Directions for this task ▸ Start to finish, print the data below exactly, without the images.

[Data shown Boundary: Start]

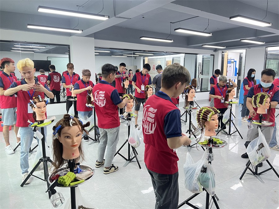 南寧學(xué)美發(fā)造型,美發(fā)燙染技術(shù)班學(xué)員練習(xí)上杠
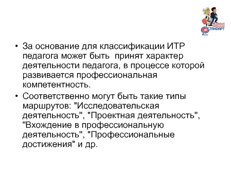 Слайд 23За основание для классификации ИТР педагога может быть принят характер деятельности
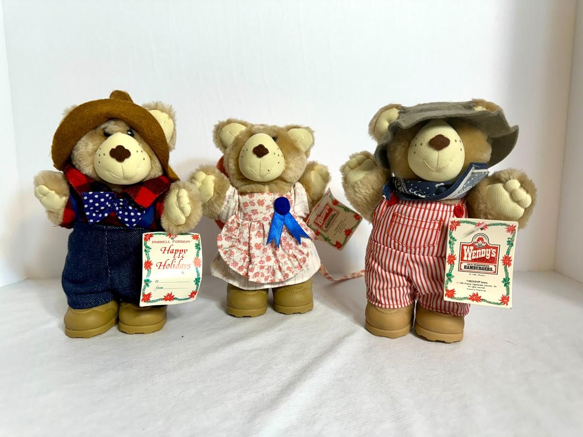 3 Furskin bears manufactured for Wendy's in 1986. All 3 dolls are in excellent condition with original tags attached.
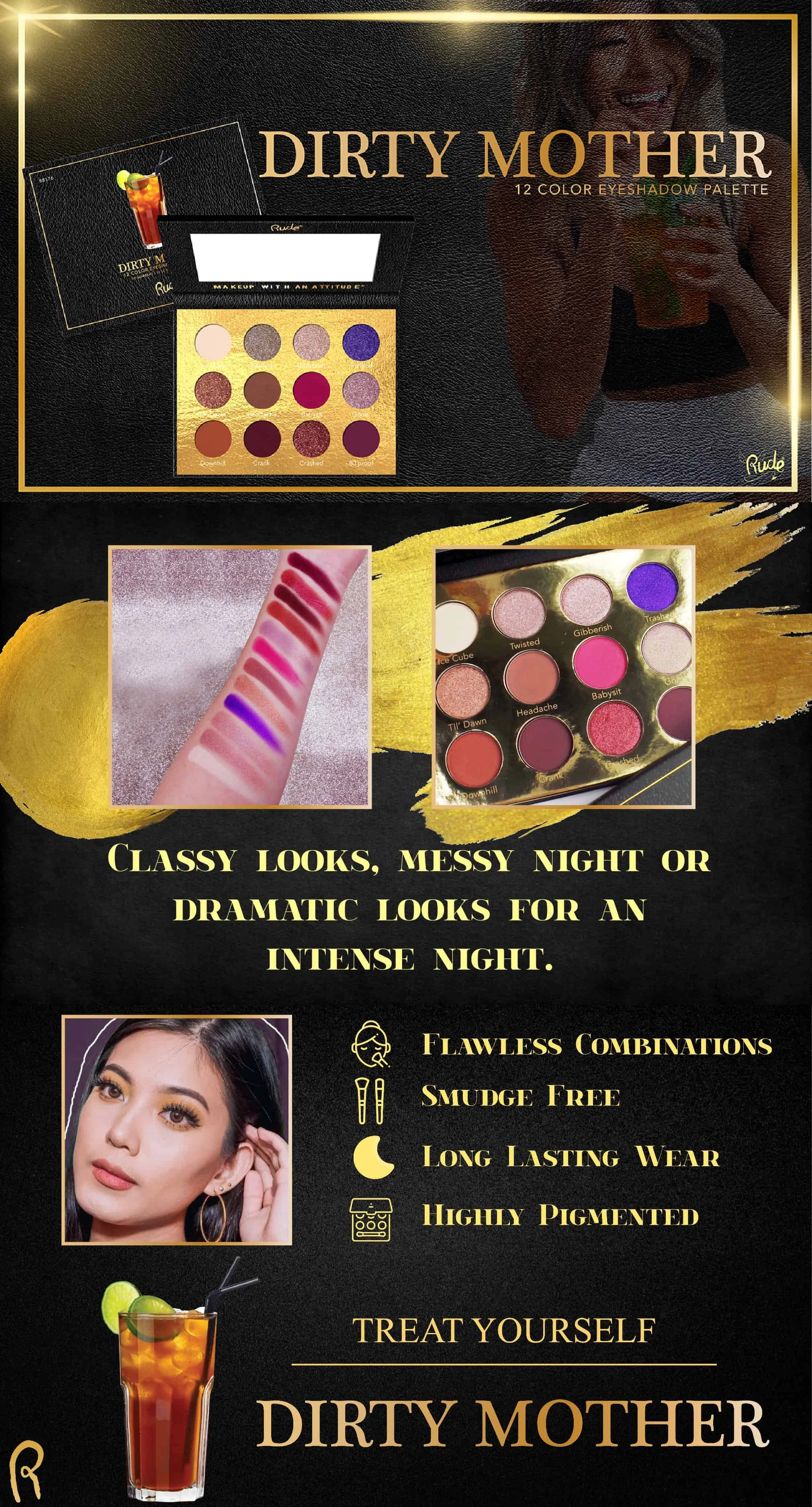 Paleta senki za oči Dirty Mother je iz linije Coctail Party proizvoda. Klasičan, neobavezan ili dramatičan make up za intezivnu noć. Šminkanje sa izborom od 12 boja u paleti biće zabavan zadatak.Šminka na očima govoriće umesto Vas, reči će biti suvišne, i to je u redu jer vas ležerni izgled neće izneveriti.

[Data shown Boundary: End]

Answer ▸
 南寧學(xué)美發(fā)造型,美發(fā)燙染技術(shù)班學(xué)員練習(xí)上杠
 Слайд 23За основание для классификации ИТР педагога может быть принят характер деятельности
 3 Furskin bears manufactured for Wendy's in 1986. All 3 dolls are in excellent condition with original tags attached.
 Paleta senki za oči Dirty Mother je iz linije Coctail Party proizvoda. Klasičan, neobavezan ili dramatičan make up za intezivnu noć. Šminkanje sa izborom od 12 boja u paleti biće zabavan zadatak.Šminka na očima govoriće umesto Vas, reči će biti suvišne, i to je u redu jer vas ležerni izgled neće izneveriti.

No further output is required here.